[Start of section]

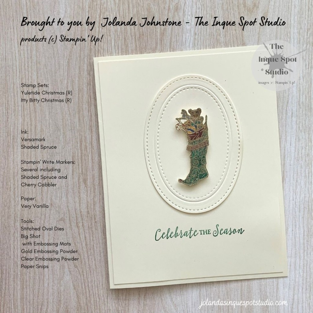 - Originally, the cute Christmas Stocking image from the retired Yuletide Christmas stamp set was stamped with Versamark ink and heat-set with Gold Embossing Powder on the card front.
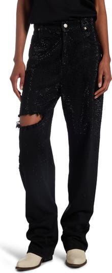 Inspired by everyday glamour in the City of Lights, glittering crystals decorate these ripped straight-leg jeans made from nonstretch Italian denim.
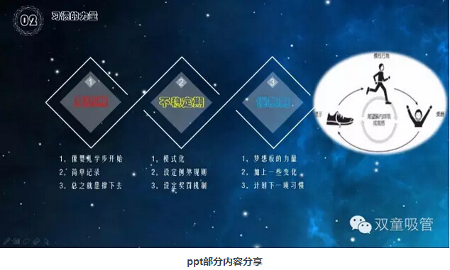 第二個(gè)關(guān)鍵詞就是我們的習(xí)慣啦!你們有試過(guò)21天養(yǎng)成一個(gè)習(xí)慣嗎?一聽(tīng)到這個(gè)問(wèn)題,童鞋們也分享起了自己的經(jīng)歷。有的已經(jīng)形成了習(xí)慣,有的只堅(jiān)持了幾天就放棄了。其實(shí)習(xí)慣的養(yǎng)成都會(huì)經(jīng)歷三個(gè)階段:反抗期、不穩(wěn)定期、倦怠期。如何度過(guò)這三個(gè)階段養(yǎng)成習(xí)慣呢?妞就把干貨PPT放上來(lái)與大伙共享吧!
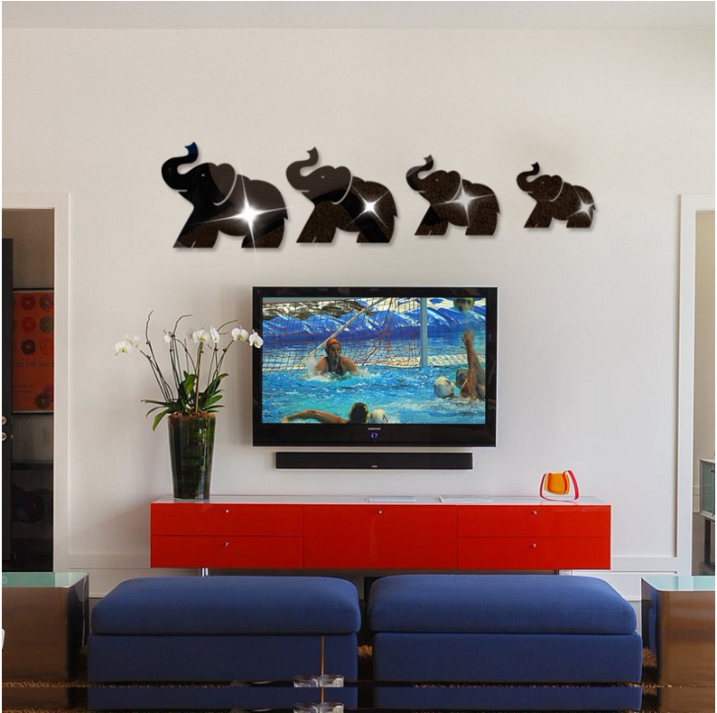 Bedroom children's room bedside background wall stickers living room sofa cartoon stickers 3D acrylic body elephant mirror wall stickers
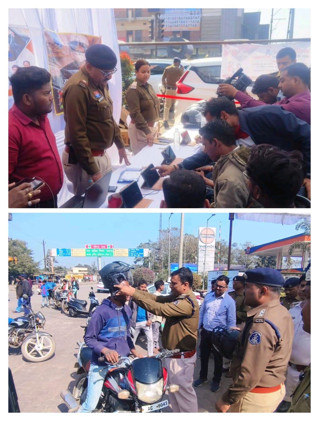 रायगढ़ । राष्ट्रीय सड़क सुरक्षा माह–2026 के अंतर्गत आज दिनांक 06 जनवरी 2026 को यातायात पुलिस रायगढ़ एवं परिवहन विभाग रायगढ़ के संयुक्त तत्वावधान में छातामुड़ा चौक पर हेलमेट जागरूकता को लेकर विशेष शिविर का आयोजन किया गया।
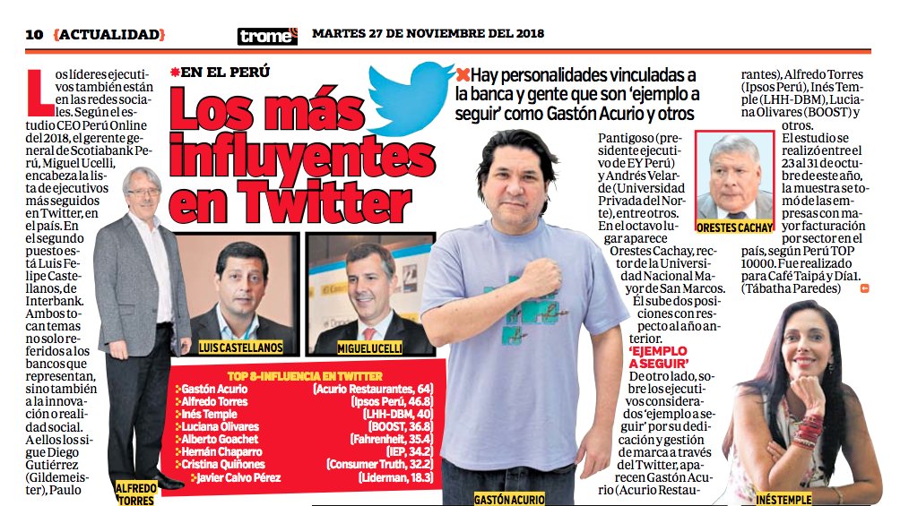 ► El poder de influencia de Gastón Acurio en Twitter, con una respuesta altísima a sus publicaciones, con mucho poder de socialización y sentimiento positivo, frente a temas no solo ligados a la gastronomía, sino al cuidado del ambiente y la fauna, la política y la sociedad peruanas.

[End of section]

▶ _About this exercise_:
Leave every picture out, and reproduce exactly the lines from the line bearing "Bedroom children's room" through the closing line of the material above.

▶ _Problem solution_:
 Bedroom children's room bedside background wall stickers living room sofa cartoon stickers 3D acrylic body elephant mirror wall stickers
 रायगढ़ । राष्ट्रीय सड़क सुरक्षा माह–2026 के अंतर्गत आज दिनांक 06 जनवरी 2026 को यातायात पुलिस रायगढ़ एवं परिवहन विभाग रायगढ़ के संयुक्त तत्वावधान में छातामुड़ा चौक पर हेलमेट जागरूकता को लेकर विशेष शिविर का आयोजन किया गया।
 ► El poder de influencia de Gastón Acurio en Twitter, con una respuesta altísima a sus publicaciones, con mucho poder de socialización y sentimiento positivo, frente a temas no solo ligados a la gastronomía, sino al cuidado del ambiente y la fauna, la política y la sociedad peruanas.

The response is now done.